Towards an Outpatient Model of Care for Motor Functional Neurological Disorders: A Neuropsychiatric Perspective, 2020, Perez et al

Open access, https://www.dovepress.com/towards-a...rological--peer-reviewed-fulltext-article-NDT

 

Delusional

 

The senior author, David Perez in Boston, wrote the commentary accompanying the CODES trial that substituted his clinical experience as providing evidence for the benefits of CBT in treating so-called "dissociative seizures," even though the findings of the trial found the opposite.

 

a correction it should read misinformed by the literature . building your theories on wishful thinking only causes harm .

 

I have said this before but it repays repeating. Myotonic dystrophy is the commonest adult onset muscular dystrophy.
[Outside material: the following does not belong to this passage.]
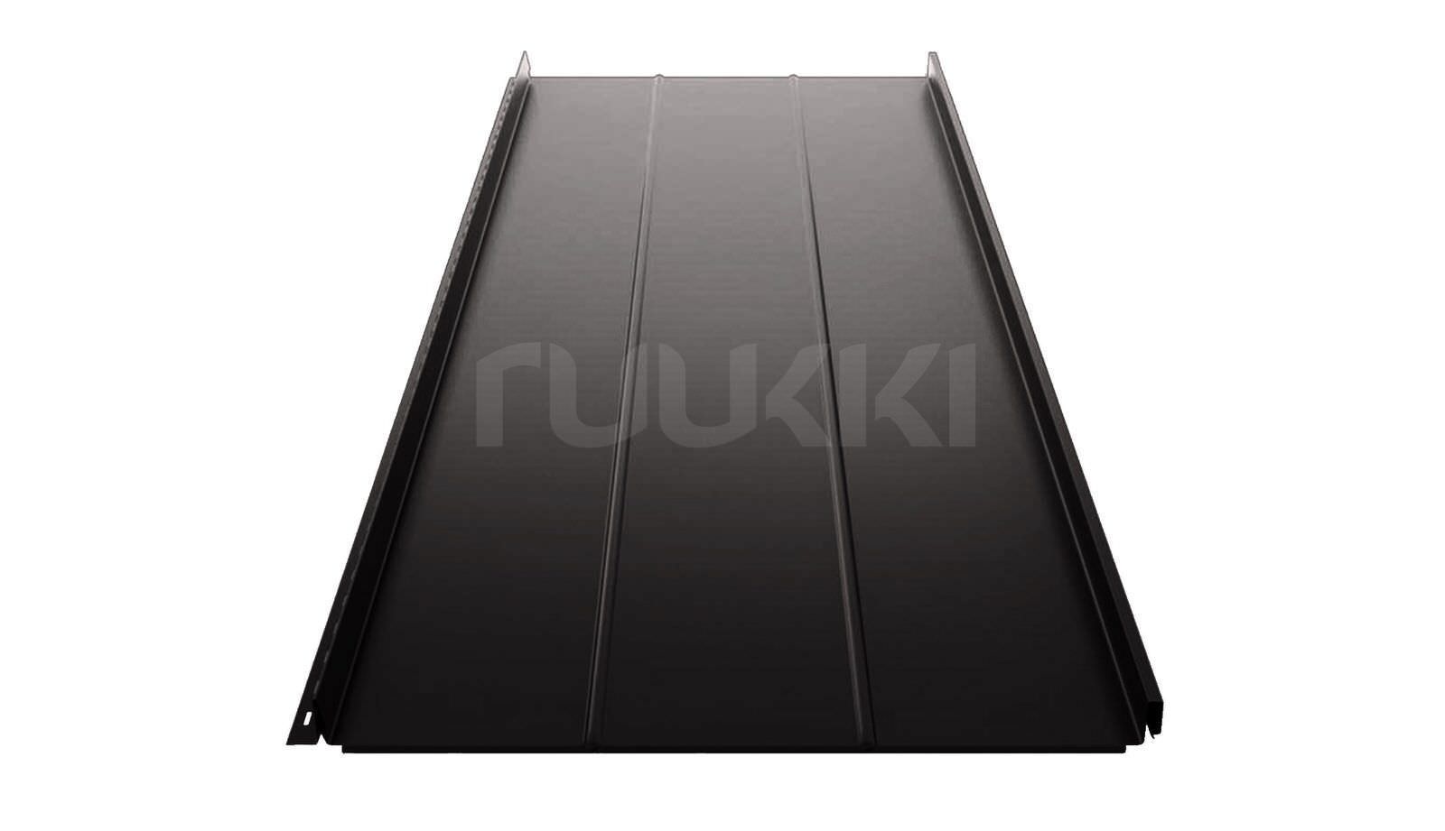 Металлическое покрытие Ruukki Classic B представляет собой современную, более стильную версию традиционной фальцевой кровли. Она обладает оригинальным дизайном, проста и удобна в монтаже. Продукция выпускается в шести расцветках, поэтому будет гармонично смотреться практически с любым фасадом. Полиэстеровое покрытие обеспечивает 30 лет гарантии качества от производителя.

It is genetic and caused by repeats of base pairs so it tends to be worse down the generations.

When someone in their 20s say tests positive other members of the family get tested too, and it is not uncommon for people to be found who have the gene but whose ill health for years has gone undiagnosed because they now know the disease does not always present in its "classic" form.

How many of them have been told they have FND and do they do genetic testing on everyone before they say it is FND? There are all the channelopathies to test for too.

The first paper by Sharpe and Stone on FND said that care must be taken with motor disorders because they are very hard to diagnose properly but that has been lost over the years.

Oh, by the way, the classic trio of myotonic dystrophy symptoms are myotonia, frontal balding and cataracts with weakness and lots of strange things going wrong like acid reflux, IBS and diabetes. How many people are going to be told they have FND if they do not get the right doctor initially?